= The Life and Love of Dr. Susan =

1939 Soap opera broadcast on CBS

The Life and Love of Dr. Susan was a radio soap opera broadcast on CBS in 1939. It was sponsored by Lux Flakes and was the first radio program to include jingles.

==Characters and story==
Eleanor Phelps starred as Dr. Susan Chandler, a physician who was married with two children, twins Marilyn and Dickie (Gloria Mann and Tommy Hughes). After her husband disappears on a South American jungle expedition (a not-uncommon fate for soap opera characters), Dr. Susan returned to her hometown of Valleydale to help her father-in-law practice medicine. Fred Barron appeared as her brother-in-law, Dr.
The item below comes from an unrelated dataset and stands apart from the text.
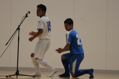 午後は保護者の方々の主催で水俣駅前広場でスタミナ会と称したバーベキューを行いました。午前中に運動した分、生徒たちは大量の美味しそうな肉や焼きそばに集まり、すぐに無くなってしまいました。今日のスタミナ会で生徒たちには大量のスタミナがついたと思いますので、今後の練習も頑張っていきたいと思います。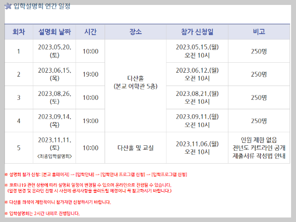 학교 홈페이지 내 [입학안내]-[입학안내프로그램신청]-[입학설명회신청]에서 신청가능합니다.

Howard Chandler, while Mary Cecil played her mother-in-law, Miranda Chandler.

Frank Luther served as the show's announcer (often singing parts of the commercials, quoting popular songs of the day), with Ed Rice as the director and Edith Meiser as head writer.

==Airdates and availability==
Dr. Susan aired for fifteen minutes on CBS at 2:15 pm Eastern Time, from February 13 through December 29, 1939.

Only one episode exists: the one airing on September 21, 1939 and thus preserved on the WJSV broadcast day recordings.